Select Page

I know I talk not a small amount of negative smack re: Chile’s campaigns. There’s the campaign that urges men not to be violent with their partners that leverages the word maricón. Despite Chilean assurances to the contrary, I feel the campaign is both sexist and homophobic.

However, negative trash talk aside, this new campaign for safe driving in Chile, manejatebien, stopped me in my tracks (or on my bike).

In Chile, and in many Latin American countries, when someone dies in a vehicular accident, the family of the deceased sets up a small shrine (animita). It can be a simple small house-like structure, or even just some ribbons tied to a post. Usually someone will come and spruce it up on the deceased’s birthday, maybe on mother’s day or children’s day, if the person was a mother or a child. Holidays are important times as well, leading to offerings and sprucing. Also, in the case of some animitas, they become shrines for other people as well, sort of “informal” saints, to which people light a candle or say a prayer. In Quebrada de la Plata, a bike and hike area at the end of Av. La Rinconada in Maipú, there is a shrine to a cyclist who died on a descent, and cylists will leave small offerings, even tubes and chains on the animita, in remembrance.

And now back to the manejatebien animitas. What I love about this campaign is that it is clear (at least to anyone from here) that what they’re saying is, there are 1600 people killed in vehicular accidents every year.
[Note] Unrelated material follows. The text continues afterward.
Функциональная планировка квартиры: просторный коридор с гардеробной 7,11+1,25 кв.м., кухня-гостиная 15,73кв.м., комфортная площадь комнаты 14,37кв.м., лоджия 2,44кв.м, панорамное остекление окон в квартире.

Don’t become one of the next victims. Drive carefully, be cautious, etc. It also feels like a Chile-specific message, something home-grown and applicable here, not borrowed from some bigger and better-funded country.
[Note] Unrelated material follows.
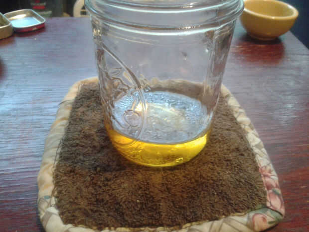para este paso, colocar la cera en el recipiente de vidrio y utilizar el horno de microondas en alta para derretir la cera en el líquido. (Esta cantidad se suelen tener 2-3 minutos en el microondas de 1100 Watt.) Por favor, recuerde usar una toalla o un sostenedor de pote como el recipiente estarán caliente!

Of course, you might argue that leaving burning candles unattended on the street (I took this near my house, but have seen several more around town) is dangerous, and you might also wonder if people will steal the contents of the fake animitas. In truth, yeah, probably and definitely. I saw two denuded little houses not that long ago, and one that had its back turned on the public, though I have seen no urban candle-started fires.

All in all, I have to give kudos for this great campaign, #manéjate, and I really hope it works to keep people safe. Would it work where you live? Or if you live in Chile, does it work for you?